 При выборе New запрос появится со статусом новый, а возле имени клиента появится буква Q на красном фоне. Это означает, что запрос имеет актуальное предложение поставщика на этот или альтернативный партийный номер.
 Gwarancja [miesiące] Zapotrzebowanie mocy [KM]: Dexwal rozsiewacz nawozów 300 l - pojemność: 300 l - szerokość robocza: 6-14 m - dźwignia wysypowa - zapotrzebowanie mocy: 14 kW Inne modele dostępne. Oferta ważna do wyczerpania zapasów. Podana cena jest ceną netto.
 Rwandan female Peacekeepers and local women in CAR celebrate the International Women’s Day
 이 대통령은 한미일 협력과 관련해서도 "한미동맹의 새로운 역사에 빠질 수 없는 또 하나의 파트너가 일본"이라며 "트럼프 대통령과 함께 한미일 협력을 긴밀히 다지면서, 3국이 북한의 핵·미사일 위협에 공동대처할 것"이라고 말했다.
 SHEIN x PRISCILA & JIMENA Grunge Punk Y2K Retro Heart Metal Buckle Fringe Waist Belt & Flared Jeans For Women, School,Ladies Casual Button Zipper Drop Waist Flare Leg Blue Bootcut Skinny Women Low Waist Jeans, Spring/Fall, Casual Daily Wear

--

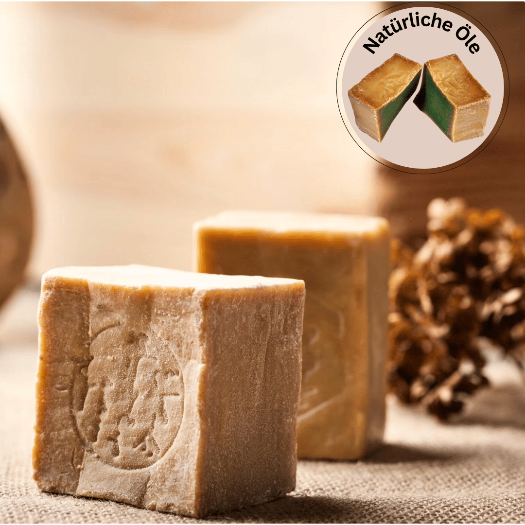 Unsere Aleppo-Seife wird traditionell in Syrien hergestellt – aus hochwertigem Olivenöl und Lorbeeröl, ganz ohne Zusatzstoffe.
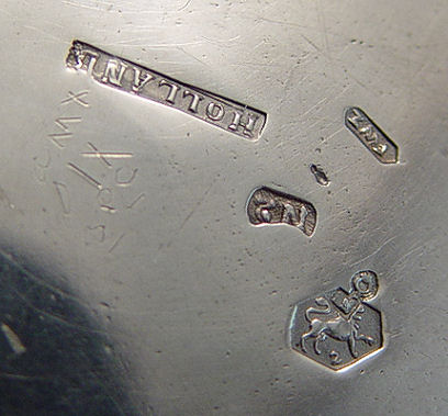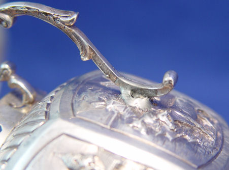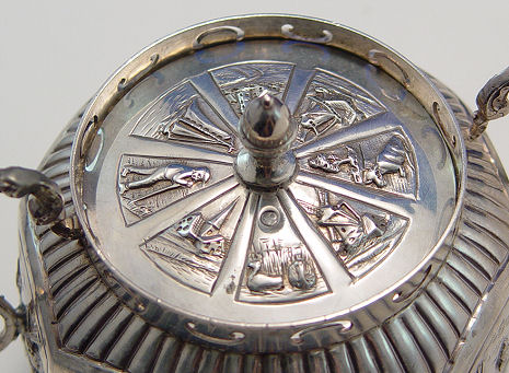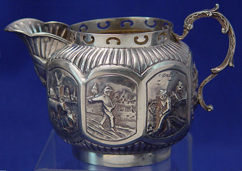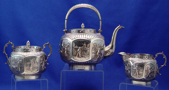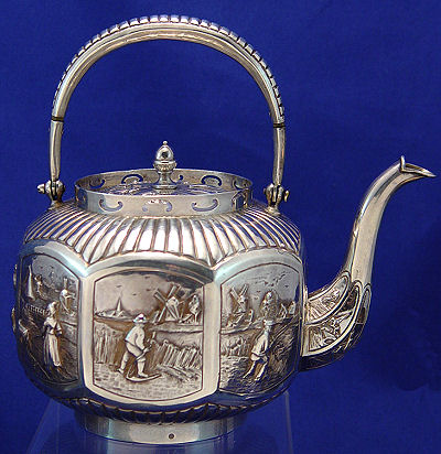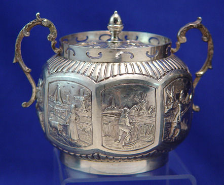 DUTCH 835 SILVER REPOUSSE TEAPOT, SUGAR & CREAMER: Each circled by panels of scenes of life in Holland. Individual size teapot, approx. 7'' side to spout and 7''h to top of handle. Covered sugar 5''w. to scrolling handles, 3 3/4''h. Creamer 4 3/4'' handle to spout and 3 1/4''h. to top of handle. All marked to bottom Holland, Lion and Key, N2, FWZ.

--

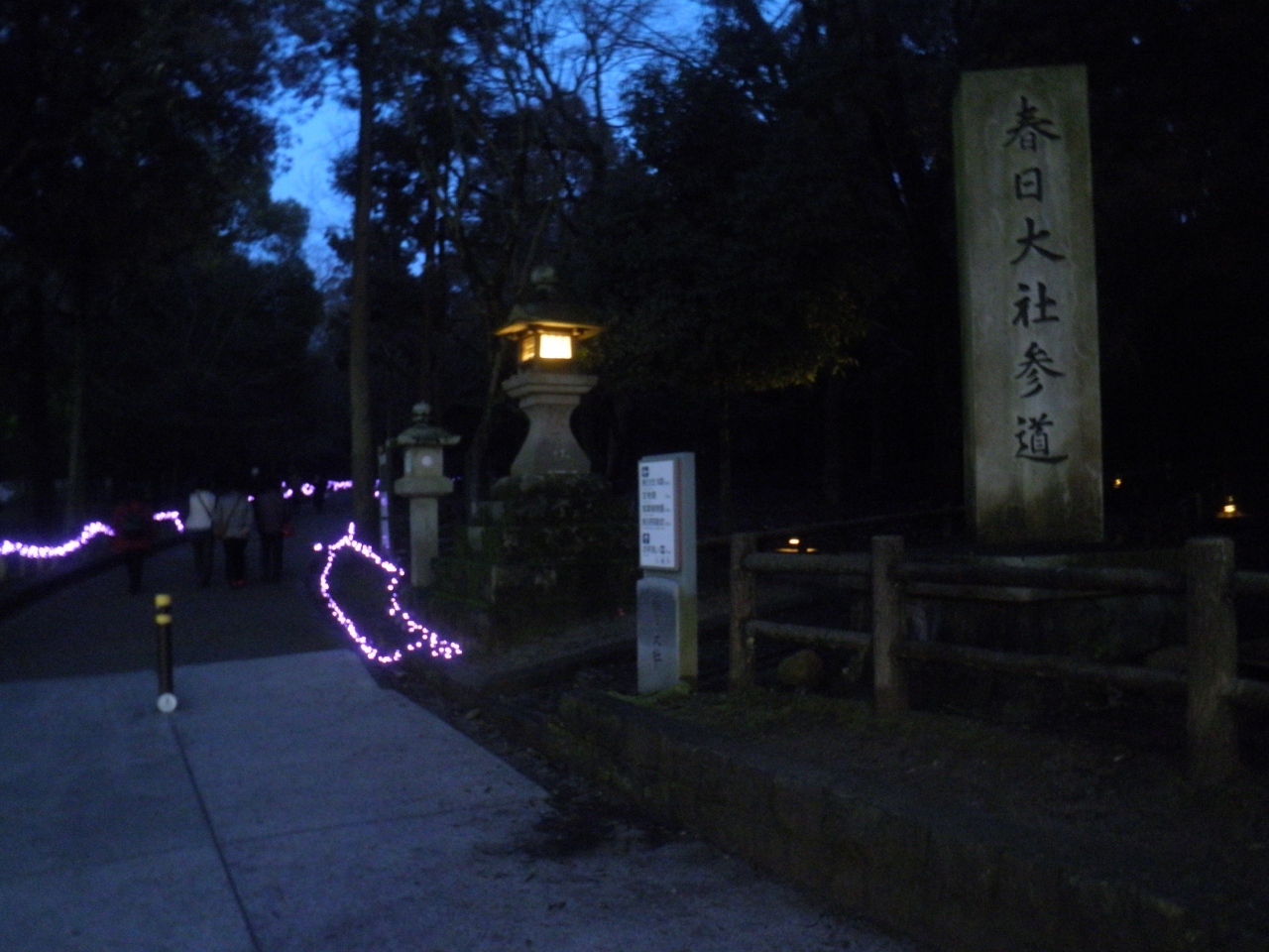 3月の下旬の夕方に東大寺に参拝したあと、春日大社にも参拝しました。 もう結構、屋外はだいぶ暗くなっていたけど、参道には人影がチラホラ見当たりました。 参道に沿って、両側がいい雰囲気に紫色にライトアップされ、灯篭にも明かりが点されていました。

ACTION ITEM: Output, from the data above, the lines from the line with "Rwandan female Peacekeepers" to the line with "이 대통령은 한미일 협력과" exactly as they stand, both ends included and nothing else.

RESPONSE BELOW:
 Rwandan female Peacekeepers and local women in CAR celebrate the International Women’s Day
 이 대통령은 한미일 협력과 관련해서도 "한미동맹의 새로운 역사에 빠질 수 없는 또 하나의 파트너가 일본"이라며 "트럼프 대통령과 함께 한미일 협력을 긴밀히 다지면서, 3국이 북한의 핵·미사일 위협에 공동대처할 것"이라고 말했다.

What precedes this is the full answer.